#### Problem to solve
Leave out all pictures. Extract exactly the lines from the one containing "위중증 환자는 1081명으로" through the end of the data.

#### Provided material
+ + +

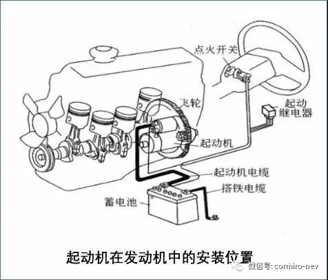起动机可以将蓄电池的电能转化为机械能,驱动发动机飞轮旋转实现发动机的起动。汽车起动机主要由直流电动机、传动啮合机构(拨叉、单向离合器及驱动齿轮)、电磁开关三大部分组成。工作时电磁开关一边拉动拨叉使驱动齿轮与发动机飞轮齿环啮合,一边使开关触点闭合,直流电机通电转动,开始起动。
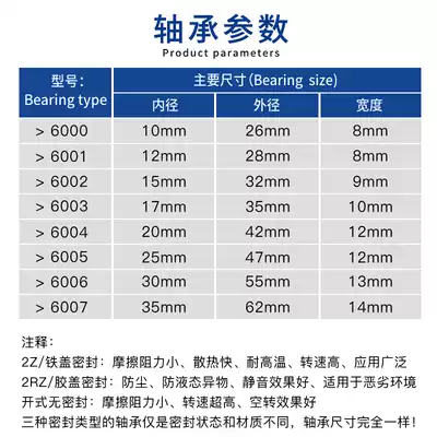 SKF 6000-2Z (iron cover seal)SKF 6000-2RSH(rubber cover seal)SKF 6001-2Z (iron cover seal)SKF 600
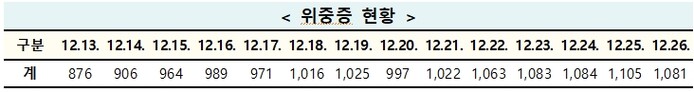위중증 환자는 1081명으로 전날보다 24명이 줄었다. 하지만 지난 21일부터 엿새 연속 1000명대를 넘었다. 그간의 추이를 보면 1022명→1063명→1083명→1084명→1105명→1081명이다.
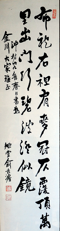 또한 '서유견문'으로 유명한 개화파 유길준(1856~1914)이 일본으로 망명한 뒤 1900년대 초 하치조지마에서 3년 동안 갇혀지내기도 했다. 유길준은 이곳에 있다가 인근의 오가사와라 섬에서 지내기도 했다. 유길준이 이 섬에서 남긴 서예작품<사진>은 현재 하치조마치 역사민속자료관에 전시되고 있다.

+ + +

#### Solution
위중증 환자는 1081명으로 전날보다 24명이 줄었다. 하지만 지난 21일부터 엿새 연속 1000명대를 넘었다. 그간의 추이를 보면 1022명→1063명→1083명→1084명→1105명→1081명이다.
 또한 '서유견문'으로 유명한 개화파 유길준(1856~1914)이 일본으로 망명한 뒤 1900년대 초 하치조지마에서 3년 동안 갇혀지내기도 했다. 유길준은 이곳에 있다가 인근의 오가사와라 섬에서 지내기도 했다. 유길준이 이 섬에서 남긴 서예작품<사진>은 현재 하치조마치 역사민속자료관에 전시되고 있다.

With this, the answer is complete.